Work to be completed: Go through the data below and return each line where the string "with" occurs.
───── Data to use
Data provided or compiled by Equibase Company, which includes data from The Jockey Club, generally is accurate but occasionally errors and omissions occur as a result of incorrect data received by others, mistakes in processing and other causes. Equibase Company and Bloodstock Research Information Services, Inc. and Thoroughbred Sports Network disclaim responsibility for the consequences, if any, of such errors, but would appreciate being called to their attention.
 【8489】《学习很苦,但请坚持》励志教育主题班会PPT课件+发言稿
──────────
───── Data to use
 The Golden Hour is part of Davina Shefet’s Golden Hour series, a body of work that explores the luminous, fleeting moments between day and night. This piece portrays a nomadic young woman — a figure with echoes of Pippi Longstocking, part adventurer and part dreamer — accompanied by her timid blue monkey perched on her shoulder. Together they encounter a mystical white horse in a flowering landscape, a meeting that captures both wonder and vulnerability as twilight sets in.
──────────
───── Data to use
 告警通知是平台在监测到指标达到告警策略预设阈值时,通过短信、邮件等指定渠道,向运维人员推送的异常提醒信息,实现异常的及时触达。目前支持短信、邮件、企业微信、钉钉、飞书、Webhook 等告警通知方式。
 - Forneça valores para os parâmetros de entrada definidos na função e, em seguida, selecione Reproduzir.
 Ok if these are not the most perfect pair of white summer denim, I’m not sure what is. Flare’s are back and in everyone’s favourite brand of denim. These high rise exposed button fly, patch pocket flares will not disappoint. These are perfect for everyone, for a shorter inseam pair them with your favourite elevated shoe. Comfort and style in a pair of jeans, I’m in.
──────────
Response to the exercise:
 The Golden Hour is part of Davina Shefet’s Golden Hour series, a body of work that explores the luminous, fleeting moments between day and night. This piece portrays a nomadic young woman — a figure with echoes of Pippi Longstocking, part adventurer and part dreamer — accompanied by her timid blue monkey perched on her shoulder. Together they encounter a mystical white horse in a flowering landscape, a meeting that captures both wonder and vulnerability as twilight sets in.
 Ok if these are not the most perfect pair of white summer denim, I’m not sure what is. Flare’s are back and in everyone’s favourite brand of denim. These high rise exposed button fly, patch pocket flares will not disappoint. These are perfect for everyone, for a shorter inseam pair them with your favourite elevated shoe. Comfort and style in a pair of jeans, I’m in.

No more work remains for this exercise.